• MATERIAL SHOWN:
####
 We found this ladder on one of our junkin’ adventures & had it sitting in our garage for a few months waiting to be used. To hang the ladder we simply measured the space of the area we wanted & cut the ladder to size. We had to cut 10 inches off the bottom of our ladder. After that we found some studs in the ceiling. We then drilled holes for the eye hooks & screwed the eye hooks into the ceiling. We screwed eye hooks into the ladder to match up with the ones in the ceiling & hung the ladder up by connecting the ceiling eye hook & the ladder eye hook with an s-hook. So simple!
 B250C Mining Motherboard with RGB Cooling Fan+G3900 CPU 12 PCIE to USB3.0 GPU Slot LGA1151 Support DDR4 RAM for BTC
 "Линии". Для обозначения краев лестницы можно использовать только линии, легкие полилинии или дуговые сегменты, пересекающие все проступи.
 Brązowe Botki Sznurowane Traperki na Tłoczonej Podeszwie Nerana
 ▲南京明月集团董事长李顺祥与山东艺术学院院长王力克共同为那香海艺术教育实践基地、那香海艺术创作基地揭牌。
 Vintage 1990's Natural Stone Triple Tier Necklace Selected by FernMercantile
####
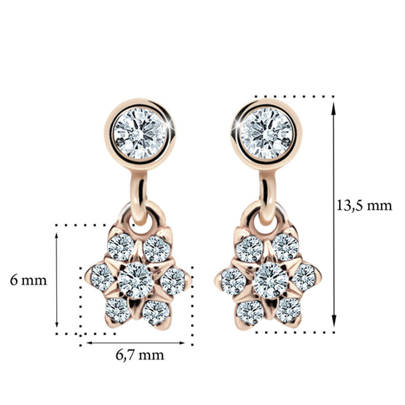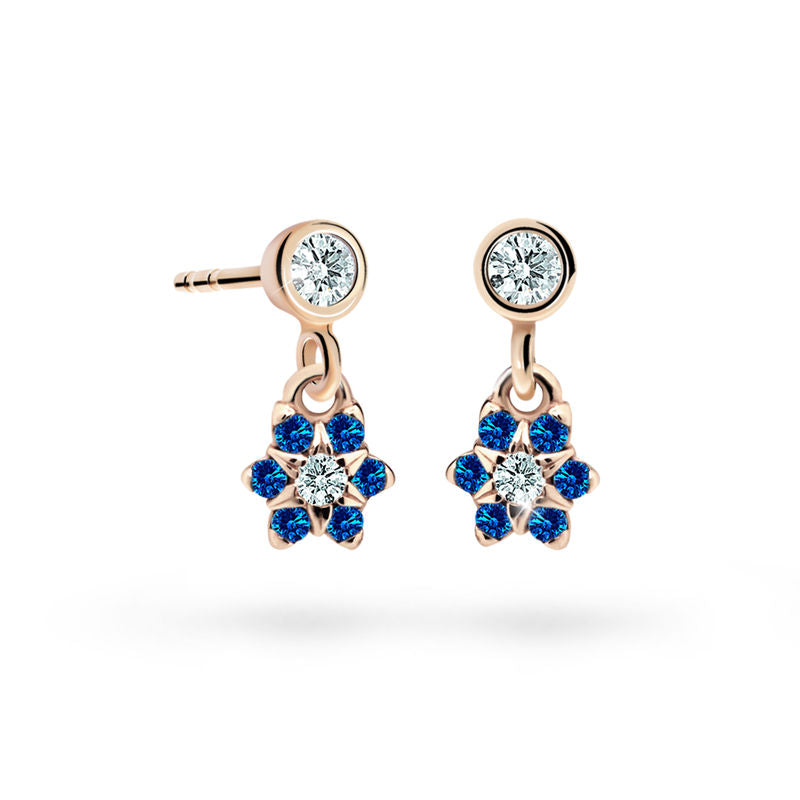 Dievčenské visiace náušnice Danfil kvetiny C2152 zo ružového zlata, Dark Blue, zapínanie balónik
####
• WHAT YOU NEED TO DO:
Look above for the line holding "пересекающие все проступи.". Print it and every line after it, exactly, through the line holding "Vintage 1990's Natural".

• TASK SOLUTION:
 "Линии". Для обозначения краев лестницы можно использовать только линии, легкие полилинии или дуговые сегменты, пересекающие все проступи.
 Brązowe Botki Sznurowane Traperki na Tłoczonej Podeszwie Nerana
 ▲南京明月集团董事长李顺祥与山东艺术学院院长王力克共同为那香海艺术教育实践基地、那香海艺术创作基地揭牌。
 Vintage 1990's Natural Stone Triple Tier Necklace Selected by FernMercantile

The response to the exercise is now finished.